TASK DETAILS: Would you return, word for word, the lines of the data below from the line with "Murais de parede" through the line with "Israeli right-wing group", and no others?

GIVEN INFORMATION:
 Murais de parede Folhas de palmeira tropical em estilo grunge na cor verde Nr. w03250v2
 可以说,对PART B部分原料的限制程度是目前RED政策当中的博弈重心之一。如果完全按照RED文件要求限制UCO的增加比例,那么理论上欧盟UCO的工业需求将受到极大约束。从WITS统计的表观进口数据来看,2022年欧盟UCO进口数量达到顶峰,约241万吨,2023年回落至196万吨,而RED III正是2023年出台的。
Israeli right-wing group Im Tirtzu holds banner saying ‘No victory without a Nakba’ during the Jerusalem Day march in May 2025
* * *
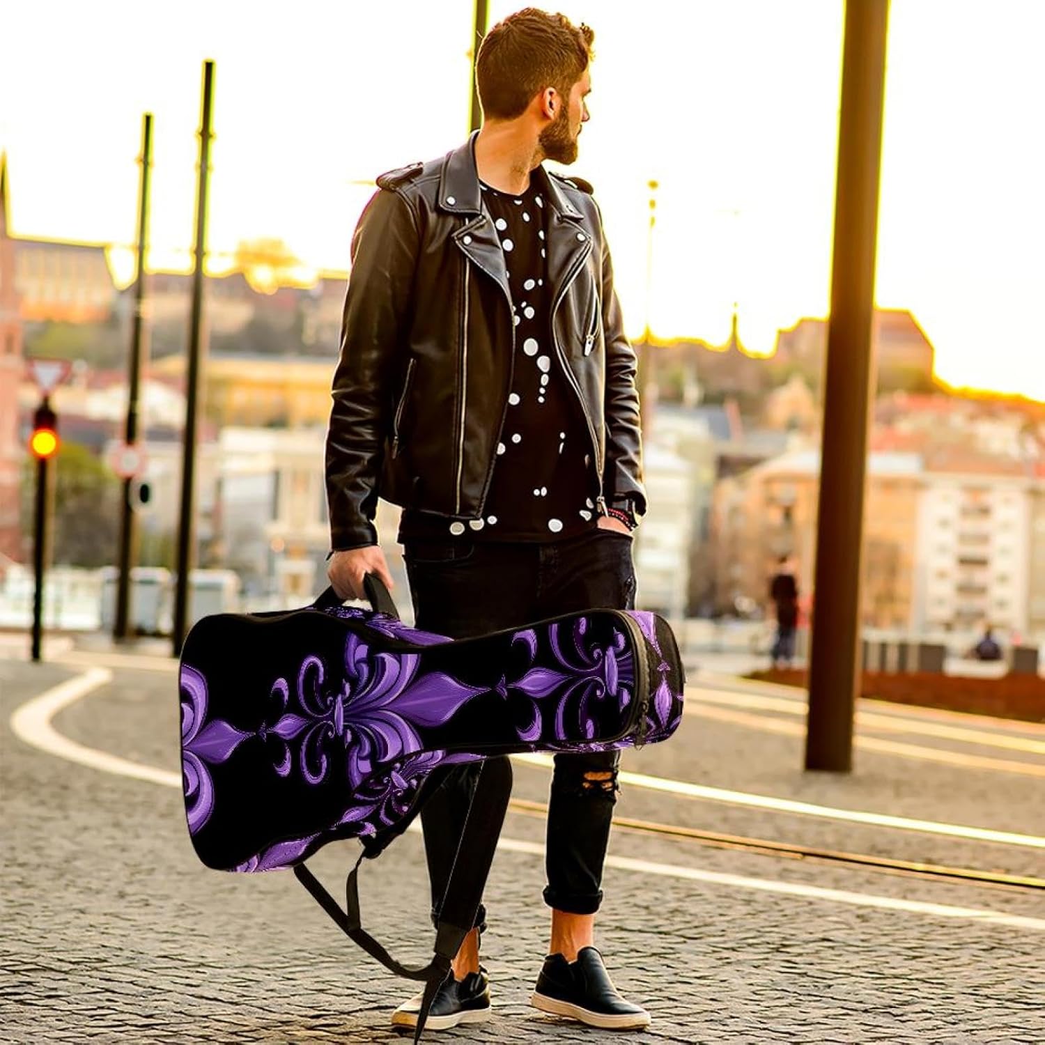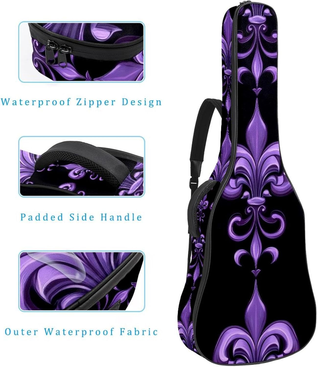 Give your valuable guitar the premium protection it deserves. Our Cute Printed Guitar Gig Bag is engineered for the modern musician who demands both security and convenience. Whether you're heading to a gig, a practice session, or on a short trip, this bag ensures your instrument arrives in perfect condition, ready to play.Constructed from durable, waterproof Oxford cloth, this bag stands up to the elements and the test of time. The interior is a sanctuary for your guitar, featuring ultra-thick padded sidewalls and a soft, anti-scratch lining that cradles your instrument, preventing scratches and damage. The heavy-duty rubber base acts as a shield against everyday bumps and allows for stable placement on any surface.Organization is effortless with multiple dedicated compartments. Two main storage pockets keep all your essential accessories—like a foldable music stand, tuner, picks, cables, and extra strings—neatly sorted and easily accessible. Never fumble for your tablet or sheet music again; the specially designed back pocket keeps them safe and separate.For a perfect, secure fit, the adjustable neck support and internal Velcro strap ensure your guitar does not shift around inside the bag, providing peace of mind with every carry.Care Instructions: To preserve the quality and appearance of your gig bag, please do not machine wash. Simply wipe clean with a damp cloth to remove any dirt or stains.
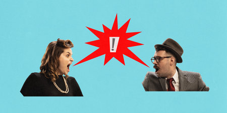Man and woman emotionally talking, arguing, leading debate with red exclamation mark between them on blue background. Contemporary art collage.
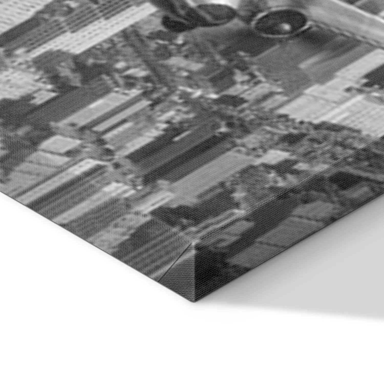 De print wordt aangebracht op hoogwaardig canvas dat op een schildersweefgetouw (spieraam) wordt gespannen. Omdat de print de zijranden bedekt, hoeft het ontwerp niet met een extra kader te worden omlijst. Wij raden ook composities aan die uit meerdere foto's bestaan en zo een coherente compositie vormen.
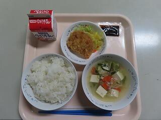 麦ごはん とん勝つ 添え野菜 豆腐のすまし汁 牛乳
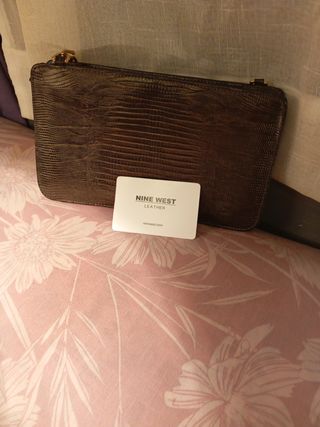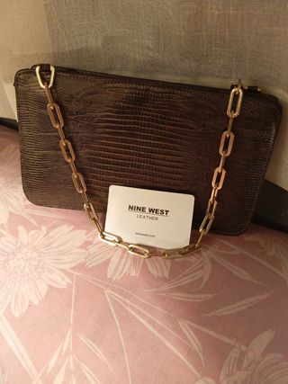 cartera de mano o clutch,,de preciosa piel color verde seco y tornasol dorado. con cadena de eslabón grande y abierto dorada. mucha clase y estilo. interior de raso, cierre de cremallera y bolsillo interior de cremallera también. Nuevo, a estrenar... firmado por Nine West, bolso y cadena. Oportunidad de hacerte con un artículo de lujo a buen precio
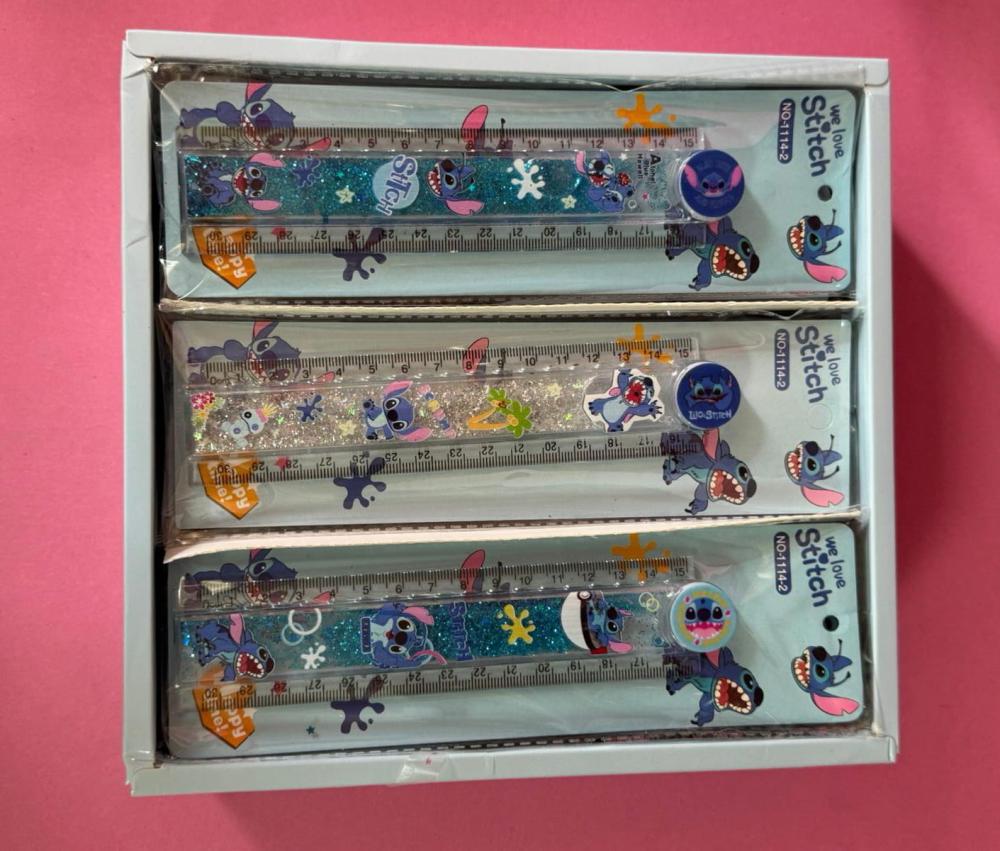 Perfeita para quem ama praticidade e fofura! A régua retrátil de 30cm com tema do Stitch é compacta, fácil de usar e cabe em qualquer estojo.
==
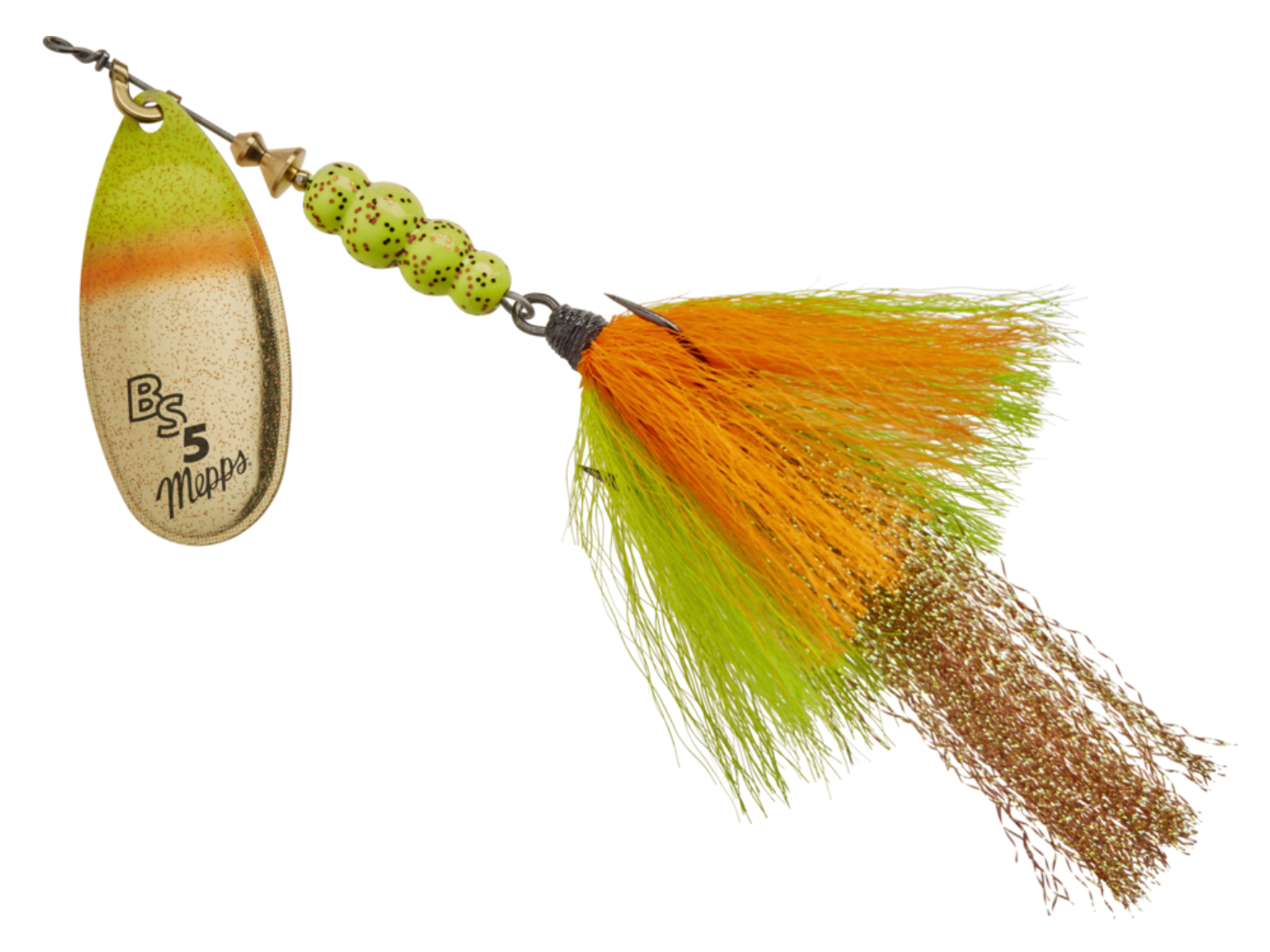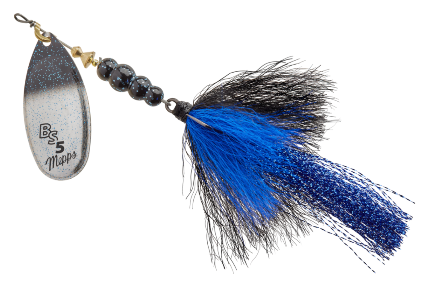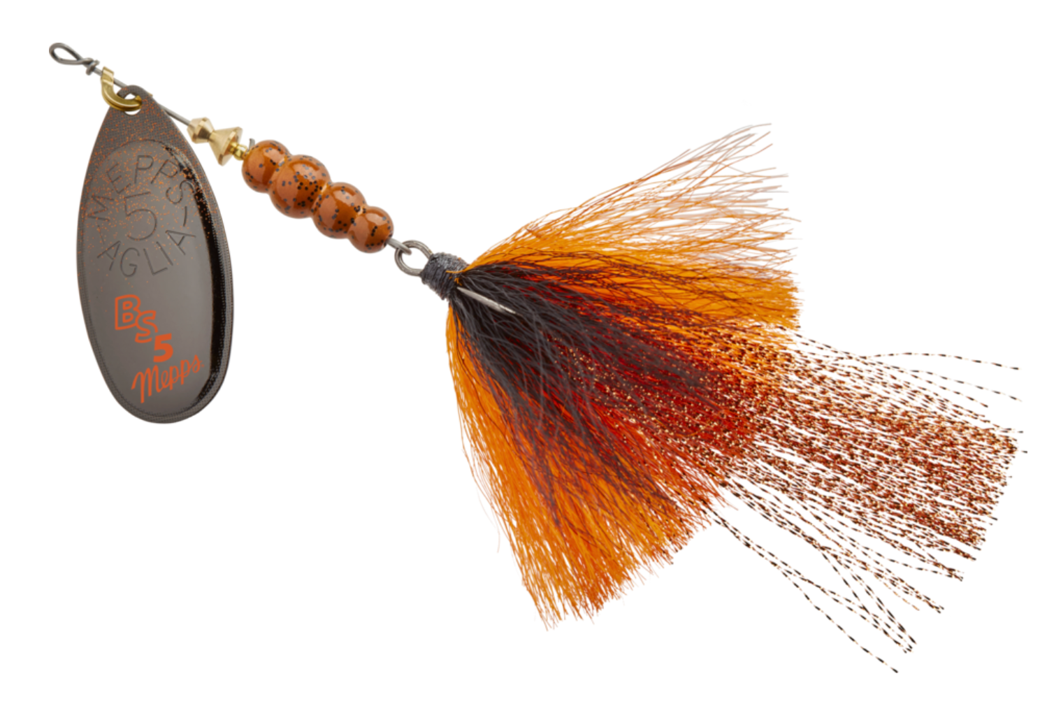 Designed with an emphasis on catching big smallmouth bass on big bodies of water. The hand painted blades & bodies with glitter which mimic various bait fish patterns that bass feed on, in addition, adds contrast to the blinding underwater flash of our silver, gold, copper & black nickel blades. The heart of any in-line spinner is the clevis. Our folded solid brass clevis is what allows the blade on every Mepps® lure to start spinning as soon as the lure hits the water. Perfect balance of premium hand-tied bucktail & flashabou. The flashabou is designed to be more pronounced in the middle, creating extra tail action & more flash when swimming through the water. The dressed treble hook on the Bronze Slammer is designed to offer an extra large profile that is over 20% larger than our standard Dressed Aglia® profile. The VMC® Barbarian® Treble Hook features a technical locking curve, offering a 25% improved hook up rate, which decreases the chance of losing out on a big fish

ANSWER TO THE EXERCISE:
 Murais de parede Folhas de palmeira tropical em estilo grunge na cor verde Nr. w03250v2
 可以说,对PART B部分原料的限制程度是目前RED政策当中的博弈重心之一。如果完全按照RED文件要求限制UCO的增加比例,那么理论上欧盟UCO的工业需求将受到极大约束。从WITS统计的表观进口数据来看,2022年欧盟UCO进口数量达到顶峰,约241万吨,2023年回落至196万吨,而RED III正是2023年出台的。
Israeli right-wing group Im Tirtzu holds banner saying ‘No victory without a Nakba’ during the Jerusalem Day march in May 2025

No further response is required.